The full text of the records below, minus any pictures, should be given back word for word.

____________________

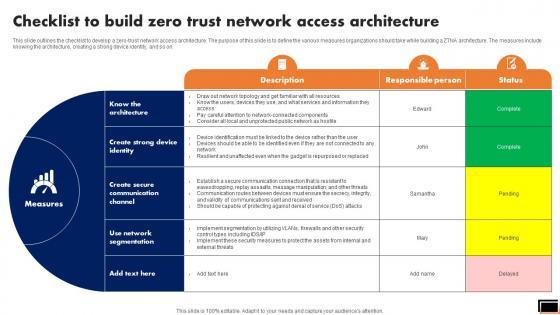 This slide outlines the checklist to develop a zero-trust network access architecture. The purpose of this slide is to define the various measures organizations should take while building a ZTNA architecture. The measures include knowing the architecture, creating a strong device identity, and so on. Coming up with a presentation necessitates that the majority of the effort goes into the content and the message you intend to convey. The visuals of a PowerPoint presentation can only be effective if it supplements and supports the story that is being told. Keeping this in mind our experts created Zero Trust Network Access Checklist To Build Zero Trust Network Access Architecture to reduce the time that goes into designing the presentation. This way, you can concentrate on the message while our designers take care of providing you with the right template for the situation. This slide outlines the checklist to develop a zero-trust network access architecture. The purpose of this slide is to define the various measures organizations should take while building a ZTNA architecture. The measures include knowing the architecture, creating a strong device identity, and so on.
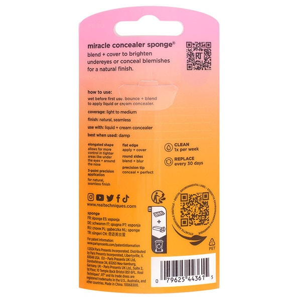 The Real Techniques Limited Edition Miracle Concealer Sponge assists in blending and concealing targeted areas of the face, such as blemishes or under-eye darkness. It is engineered to deliver light to medium coverage, resulting in a natural, seamless finish that provides a subtle lifted effect.
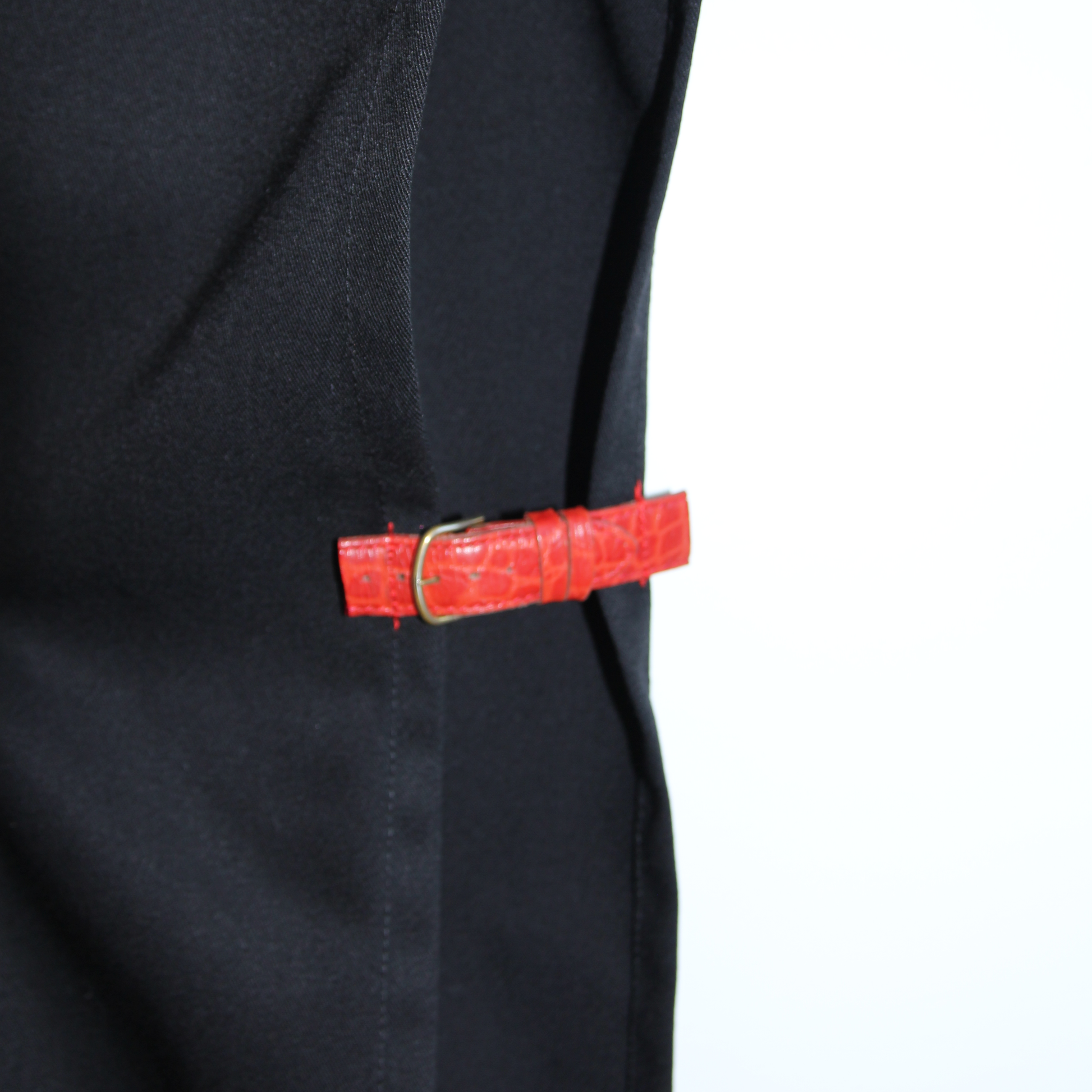 Le tablier en noir est une pièce inspirée des coupes japonaises.
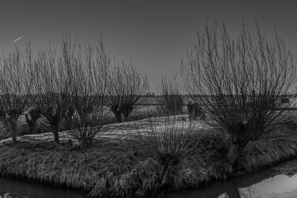 Die Sonne geht auf und beleuchtet langsam die Welt. Die ersten Strahlen fallen auf die Mühle und die Trauerweiden.
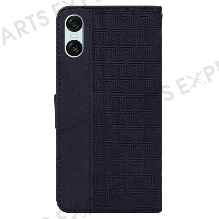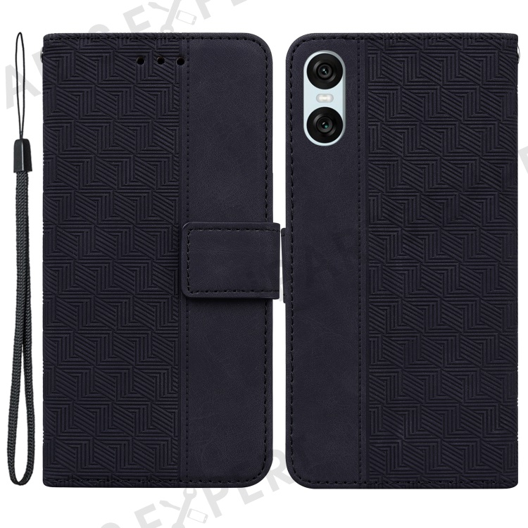 For Sony Xperia 5 VI Case Imprinted Geometry PU Leather Wrist Strap Phone Cover - Black
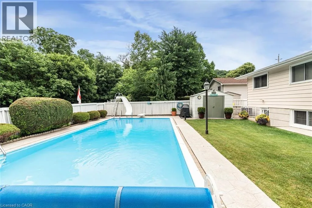 GREENHILL AVE TO BUNKER HILL DR TO HANOVER PL This impeccably updated and meticulously maintained raised bungalow is a rare gem backing onto a lush ravine. Showcasing strong curb appeal with its manicured landscaping, inviting front entrance, and tasteful exterior finishes, this home makes a lasting first impression. Inside, you'll find 3 spacious bedrooms, gleaming hardwood floors, and a chef-inspired kitchen featuring sleek built-in appliances and modern finishes. The cozy family room is anchored by a charming fireplace, creating a warm and welcoming space. The fully finished lower level offers a stylish game room with a pool table and a bright walkout to a resort-style backyardâcomplete with a stunning in-ground pool, cement patio, am direct access via basement steps. Enjoy peace of mind knowing all major mechanicals have been thoughtfully updated, allowing you to move in and enjoy your private oasis with confidence. (id:27476)
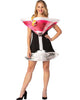 You aren't a true city gal if you don't like a good cosmo so become one in this Cosmopolitan Dress Womens Costume. The dress is black and features a digitally printed Cosmopolitan cocktail in a martini glass on both sides, as well as an attached curl of orange rind out the top. Perfect for a night out with the gals, Hen's themes, or for your next food and drink-themed party for some city chic style.
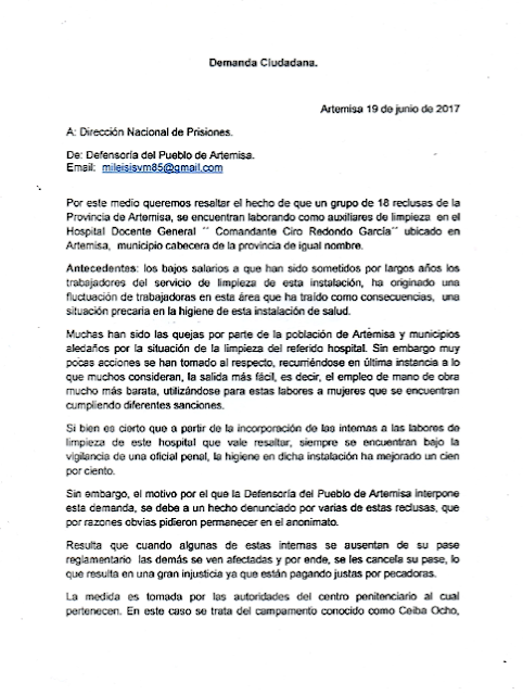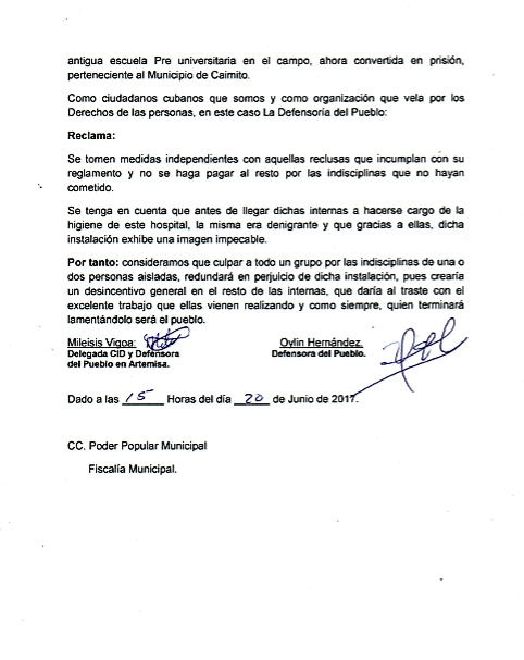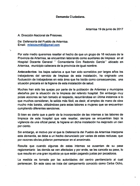 Sin embargo, el motivo por el que la Defensoría del Pueblo de Artemisa interpone esta demanda, se debe a un hecho denunciado por varias de estas reclusas, que por razones obvias pidieron permanecer en el anonimato.
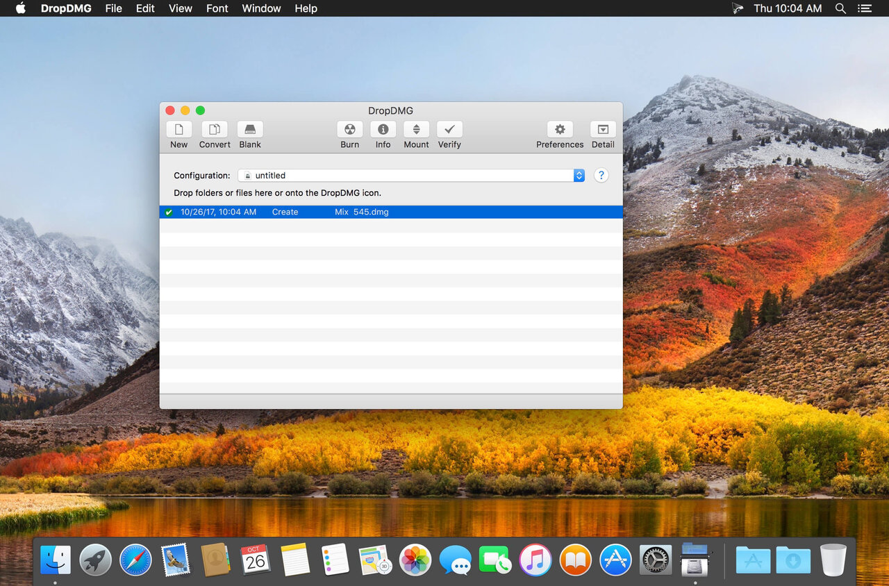 17 нояб. 2021 г. - Версия 3.6.3 - Updated the "Create macOS Install Disk" prompt and documentation for macOS 12 Monterey. - Updated the Format and Segments sections of the manual for macOS 12 Monterey. - Updated the crash reporter for macOS 12 Monterey. - The command-line tool no longer times out for very long operations. - Improved DropDMG's error handling when setting a custom volume icon and making the mounted disk image auto-open. - Improved DropDMG's error handling when reading license agreement information from a disk image. - Fixed a bug that could cause a crash when updating the Activity Window when multiple operations were in progress at the same time. - DropDMG now declares notch compatibility for the new MacBook Pros. If you enjoy using DropDMG, please take a moment to rate it or leave a review. We’d really appreciate it.

____________________

**Solution to this task:**
 This slide outlines the checklist to develop a zero-trust network access architecture. The purpose of this slide is to define the various measures organizations should take while building a ZTNA architecture. The measures include knowing the architecture, creating a strong device identity, and so on. Coming up with a presentation necessitates that the majority of the effort goes into the content and the message you intend to convey. The visuals of a PowerPoint presentation can only be effective if it supplements and supports the story that is being told. Keeping this in mind our experts created Zero Trust Network Access Checklist To Build Zero Trust Network Access Architecture to reduce the time that goes into designing the presentation. This way, you can concentrate on the message while our designers take care of providing you with the right template for the situation. This slide outlines the checklist to develop a zero-trust network access architecture. The purpose of this slide is to define the various measures organizations should take while building a ZTNA architecture. The measures include knowing the architecture, creating a strong device identity, and so on.
 The Real Techniques Limited Edition Miracle Concealer Sponge assists in blending and concealing targeted areas of the face, such as blemishes or under-eye darkness. It is engineered to deliver light to medium coverage, resulting in a natural, seamless finish that provides a subtle lifted effect.
 Le tablier en noir est une pièce inspirée des coupes japonaises.
 Die Sonne geht auf und beleuchtet langsam die Welt. Die ersten Strahlen fallen auf die Mühle und die Trauerweiden.
 For Sony Xperia 5 VI Case Imprinted Geometry PU Leather Wrist Strap Phone Cover - Black
 GREENHILL AVE TO BUNKER HILL DR TO HANOVER PL This impeccably updated and meticulously maintained raised bungalow is a rare gem backing onto a lush ravine. Showcasing strong curb appeal with its manicured landscaping, inviting front entrance, and tasteful exterior finishes, this home makes a lasting first impression. Inside, you'll find 3 spacious bedrooms, gleaming hardwood floors, and a chef-inspired kitchen featuring sleek built-in appliances and modern finishes. The cozy family room is anchored by a charming fireplace, creating a warm and welcoming space. The fully finished lower level offers a stylish game room with a pool table and a bright walkout to a resort-style backyardâcomplete with a stunning in-ground pool, cement patio, am direct access via basement steps. Enjoy peace of mind knowing all major mechanicals have been thoughtfully updated, allowing you to move in and enjoy your private oasis with confidence. (id:27476)
 You aren't a true city gal if you don't like a good cosmo so become one in this Cosmopolitan Dress Womens Costume. The dress is black and features a digitally printed Cosmopolitan cocktail in a martini glass on both sides, as well as an attached curl of orange rind out the top. Perfect for a night out with the gals, Hen's themes, or for your next food and drink-themed party for some city chic style.
 Sin embargo, el motivo por el que la Defensoría del Pueblo de Artemisa interpone esta demanda, se debe a un hecho denunciado por varias de estas reclusas, que por razones obvias pidieron permanecer en el anonimato.
 17 нояб. 2021 г. - Версия 3.6.3 - Updated the "Create macOS Install Disk" prompt and documentation for macOS 12 Monterey. - Updated the Format and Segments sections of the manual for macOS 12 Monterey. - Updated the crash reporter for macOS 12 Monterey. - The command-line tool no longer times out for very long operations. - Improved DropDMG's error handling when setting a custom volume icon and making the mounted disk image auto-open. - Improved DropDMG's error handling when reading license agreement information from a disk image. - Fixed a bug that could cause a crash when updating the Activity Window when multiple operations were in progress at the same time. - DropDMG now declares notch compatibility for the new MacBook Pros. If you enjoy using DropDMG, please take a moment to rate it or leave a review. We’d really appreciate it.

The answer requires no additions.